Other Tink just posted about the heroic Southwest Airlines pilot with nerves of steel who brought her badly damaged plane down safely, and then I remembered the U.S.S. Indianapolis. It was the end of WWII, and the ship was chugging home from Japan after delivering some supplies for the atomic bomb.

Got spotted by an intrepid Japanese submarine captain, who torpedoed and sank the Indianapolis, leaving 370 crewmen in shark-infested waters. No one even knew the Indianapolis was in trouble until four days later, when a reconnaissance plane saw the wreck and the sharks. They sent out a pontoon plane, but then ordered the pilot not to land because the water was too stormy and choppy.

But the pontoon pilot disobeyed his orders, landed his plane on the ocean anyway. The plane got too badly damaged to take off again, but the pilot pulled people into his plane and then strung parachutes from the wings somehow, so more people could get away from the sharks.
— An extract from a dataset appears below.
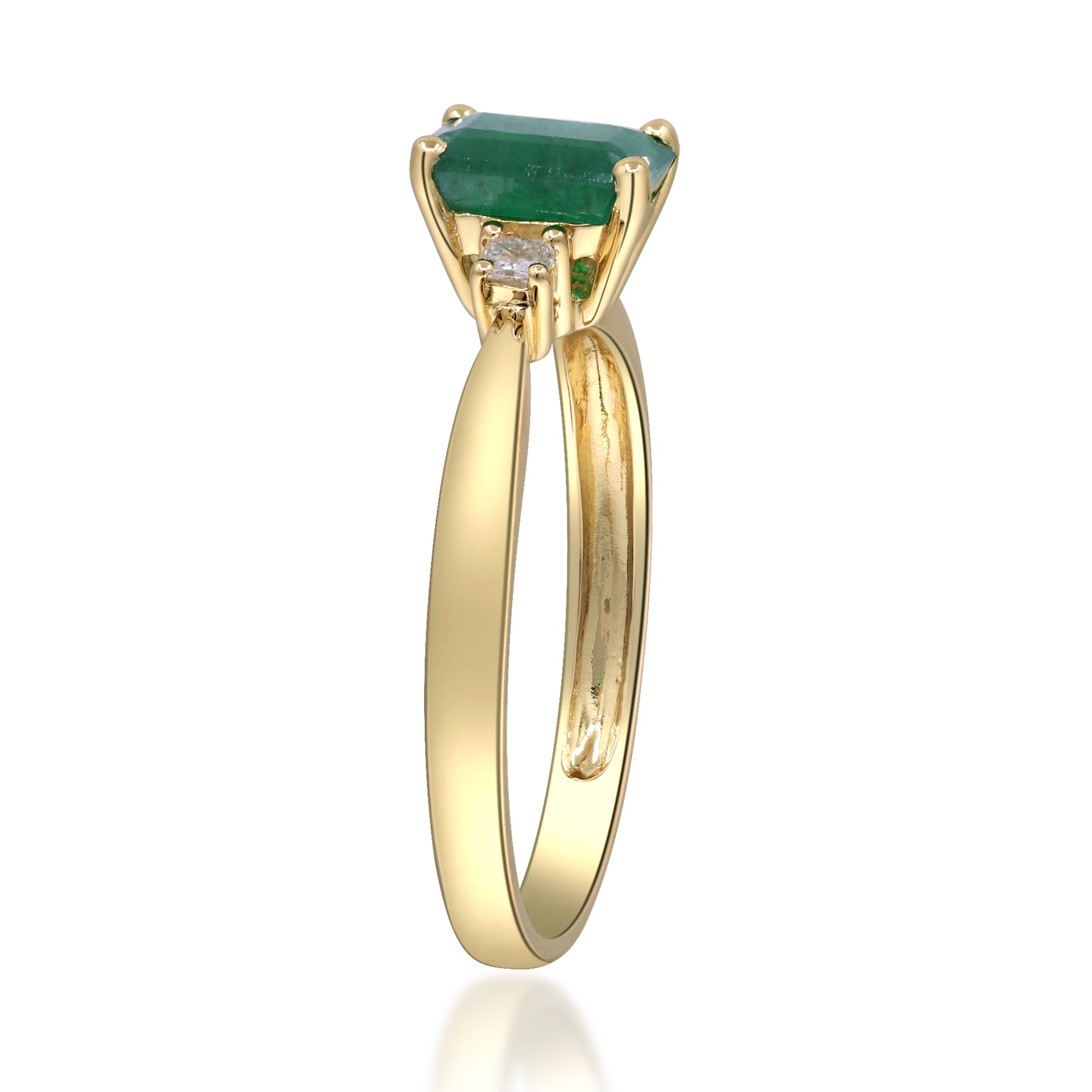 Stunning, timeless and classy eternity Unique Ring. Decorate yourself in luxury with this Gin & Grace Ring. The 10K Yellow Gold jewelry boasts Emerald-Cut Prong Setting Natural Emerald (1 pc) 0.93 Carat, along with Natural Round cut white Diamond (2 Pcs) 0.10 Carat, accent stones for a lovely design. This Ring is weight 1.85 grams. Crafted with 10K Yellow Gold, this delicate Ring is polished to a high finish shine.

Then everybody just sat there until they could send more help, and the pilot saved the lives of about 100 crewmen.

* * *

Much later, someone found that story and began going around to schools and communities to tell the story of the U.S.S. Indianapolis, and just last week they came to Chehalis, WA, about twenty miles from where I live. They brought along one of the few remaining survivors, who is now 93 years old.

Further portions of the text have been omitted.